Testing the LDAP Configuration
- From the LDAP Configuration page, click Test LDAP Settings.
- Enter your LDAP Server URL, the exact security principal to pass to the server (no substitution takes place), and the password.
- Check the box if you want to use SASL Authentication.
- Click Test and an LDAP connect will be attempted.
As discussed above, the LDAP security principal must be in the format required by your LDAP server configuration.
If you're unfamiliar with LDAP or your organization's directory services configuration you should consult with your network administrator. You may also want to download an LDAP client browser to view and test your LDAP network servers. The Softerra LDAP Browser is a freeware product that you can use to browse and query your LDAP servers; visit the
Softerra download page and click the "LDAP Browser X.Y" tab.
LDAP Search Option
If your LDAP system uses an additional mapping layer between email usernames and security principal account names, it is possible to configure LabKey Server to search for these account names prior to authentication. For example, a username that the LDAP server accepts for authentication might look like 'JEckels', while a user's email address is 'josh.eckels@labkey.com'. Once this alternate mode is activated, instead of an LDAP template, you would provide credentials and a source database in which to look up the security principal account names. To enable:
- Add LDAP configuration settings to the labkey.xml configuration file, inside the <context> element. For example:
<Environment name="ldapSearch_username" value="ldapAdmin@email.org" type="java.lang.String" override="false"/>
<Environment name="ldapSearch_password" value="***" type="java.lang.String" override="false"/>
<Environment name="ldapSearch_searchBase" value="dc=email,dc=org" type="java.lang.String" override="false"/>
<Environment name="ldapSearch_lookupField" value="userPrincipalName" type="java.lang.String" override="false"/>
<Environment name="ldapSearch_searchTemplate" value="(&(objectClass=user)(userPrincipalName=${email}))" type="java.lang.String" override="false"/>
- "ldapSearch_username" is the email address of the LDAP user who has permission to "search" your LDAP directory.

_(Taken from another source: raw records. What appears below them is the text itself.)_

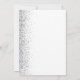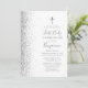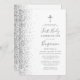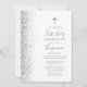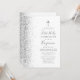 Le bord gauche de cette élégante invitation de première communion moderne comporte une bordure en faux parties scintillant argenté. Une fausse croix de feuille argent apparaît au-dessus du texte personnalisable, qui combine écriture manuscrite, copperplate et polices italiques en gris sur un arrière - plan blanc. L'envers présente un design blanc et argent assorti.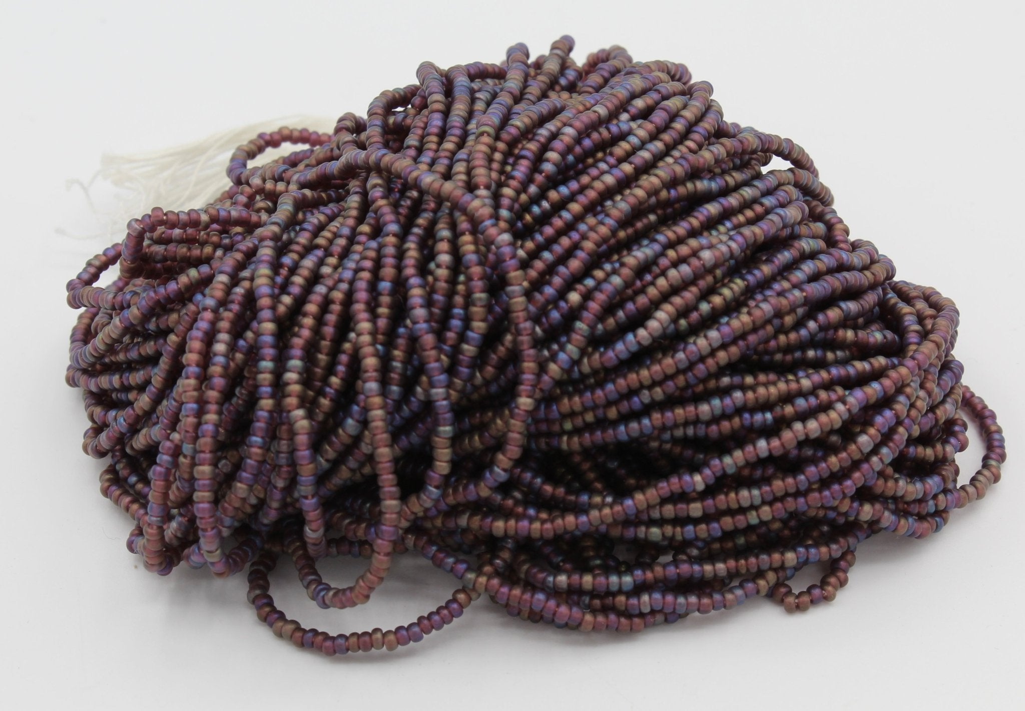 These beads are sold by the hank. Each hank has 12 strands with a total of approximately 4,000 beads. Lined up on a needle, roughly 17 beads = 1 inch (25mm).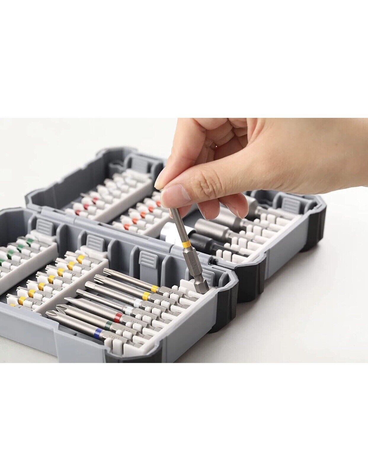 - Sistema a scatto: i pacchetti di bit vengono bloccati saldamente negli slot a scatto ed è sufficiente premere la linguetta di rilascio per rimuoverli e sostituirli.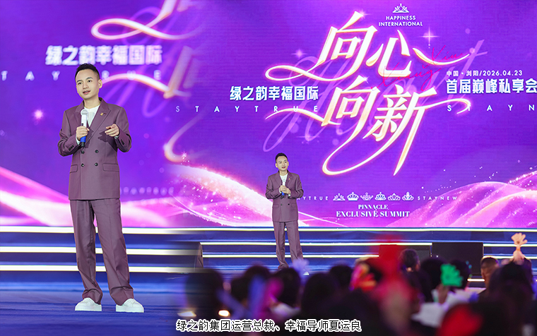 4月23日,绿之韵幸福国际2026首届巅峰私享会在集团总部国际会议中心盛大举行。绿之韵集团运营总裁、幸福导师夏运良及运营团队与来自全国各地的绿之韵家人齐聚一堂,共赴这场荣耀与思想交织的巅峰之约。大会全程通过线上直播同步呈现,吸引数万人次观看互动,热度空前。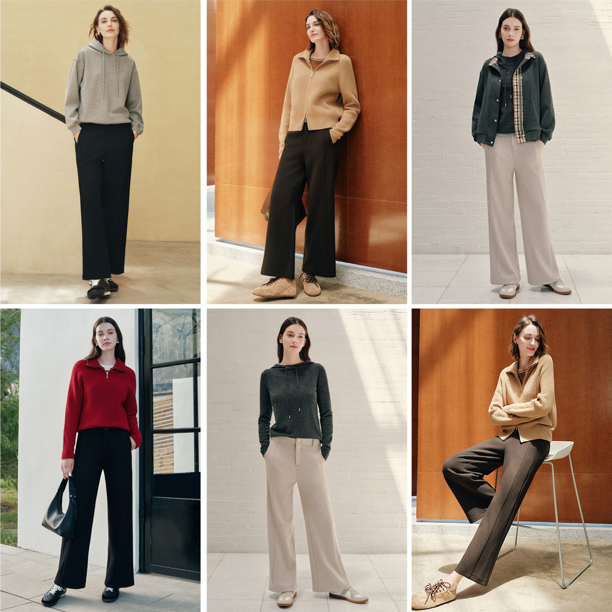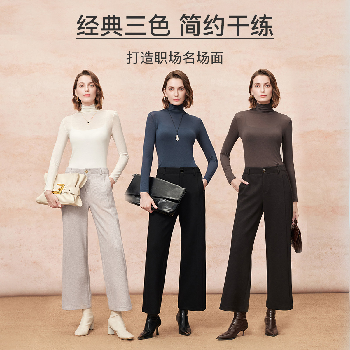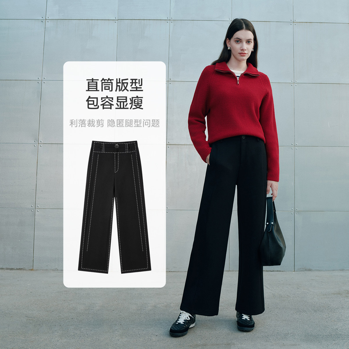 FINITY菲妮迪休闲裤2025年冬季新款加绒羊毛直筒气质通勤长裤女

- "ldapSearch_password" is the password for the LDAP user specified with "ldapSearch_username"
- "ldapSearch_searchBase" is the searchBase to be used. This could be the root of your directory or the base which contains all of your user accounts.
- "ldapSearch_lookupField" is the optional field to use as a login following the LDAP search. (Default: "sAMAccountName")

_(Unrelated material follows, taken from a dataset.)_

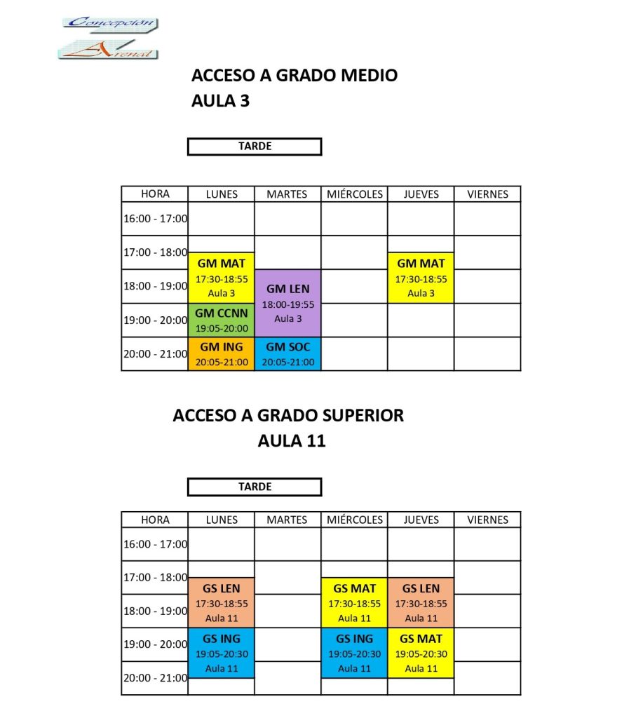 HORARIOS CURSOS DE PREPARACIÓN ACCESO GRADO MEDIO Y GRADO SUPERIOR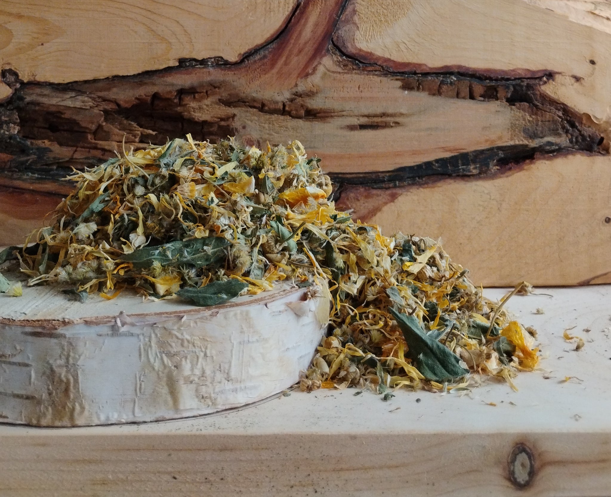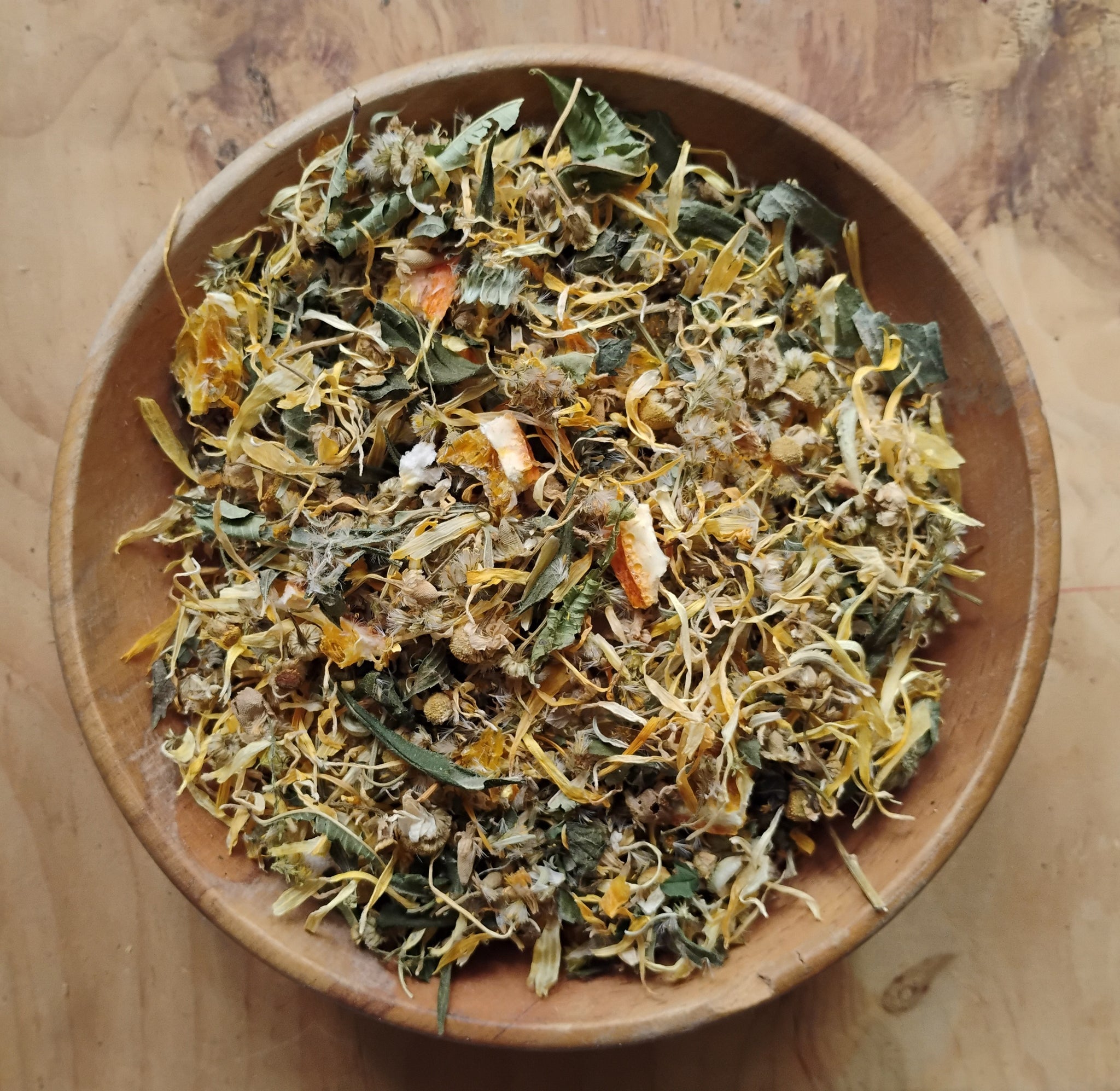 Ingrédients : Ortie du Canada*, Fleurs de Calendule, Feuilles et Fleurs de Verge d'Or*, Fleurs de Camomille*, Verveine citronnée, Écorces d'Orange

- "ldapSearch_searchTemplate" is the optional filter to apply during the LDAP search. Valid substitution patterns are ${email} and ${uid}. (Default: "(&(objectClass=user)(mail=${email}))")

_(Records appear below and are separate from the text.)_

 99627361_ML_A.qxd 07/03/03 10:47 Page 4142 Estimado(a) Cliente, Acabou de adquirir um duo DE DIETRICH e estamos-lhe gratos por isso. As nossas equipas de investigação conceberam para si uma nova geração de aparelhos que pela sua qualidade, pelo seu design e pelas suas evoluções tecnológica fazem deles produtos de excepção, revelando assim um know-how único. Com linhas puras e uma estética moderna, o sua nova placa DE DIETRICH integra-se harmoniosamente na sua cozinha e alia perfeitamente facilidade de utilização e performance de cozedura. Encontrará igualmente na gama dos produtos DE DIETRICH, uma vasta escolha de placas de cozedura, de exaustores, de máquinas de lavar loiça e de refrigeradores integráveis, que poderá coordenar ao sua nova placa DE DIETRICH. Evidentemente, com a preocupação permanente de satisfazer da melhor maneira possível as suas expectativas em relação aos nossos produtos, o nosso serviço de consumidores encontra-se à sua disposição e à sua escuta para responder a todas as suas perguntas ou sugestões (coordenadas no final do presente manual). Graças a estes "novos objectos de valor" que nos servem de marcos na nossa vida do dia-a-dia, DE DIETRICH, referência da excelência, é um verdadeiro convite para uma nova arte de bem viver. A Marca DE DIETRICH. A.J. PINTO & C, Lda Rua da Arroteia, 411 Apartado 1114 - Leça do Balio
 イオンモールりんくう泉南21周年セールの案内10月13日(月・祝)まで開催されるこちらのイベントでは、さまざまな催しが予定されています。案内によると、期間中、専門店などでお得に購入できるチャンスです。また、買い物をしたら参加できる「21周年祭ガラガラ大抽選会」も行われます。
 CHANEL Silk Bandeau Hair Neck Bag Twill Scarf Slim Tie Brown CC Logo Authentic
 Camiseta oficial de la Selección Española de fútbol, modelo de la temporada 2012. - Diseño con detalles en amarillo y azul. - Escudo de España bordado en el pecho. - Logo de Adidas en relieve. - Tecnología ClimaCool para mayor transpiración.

- Restart your Tomcat server.
When this is properly configured, when a user attempts to authenticate to the LabKey Server, the server connects to the LDAP server using the "ldapSearch_username" and "ldapSearch_password" in the labkey.xml file. It will use "ldapSearch_searchBase" as the search base, and look for any LDAP user account which is associated with the email address provided by the user (optionally, a custom filter may be used by specifying "ldapSearch_searchTemplate"). If a matching account is found, the LabKey Server makes a separate authentication attempt using the value of the "ldapSearch_lookupField" field from the LDAP entry found and the password provided by user at the login screen.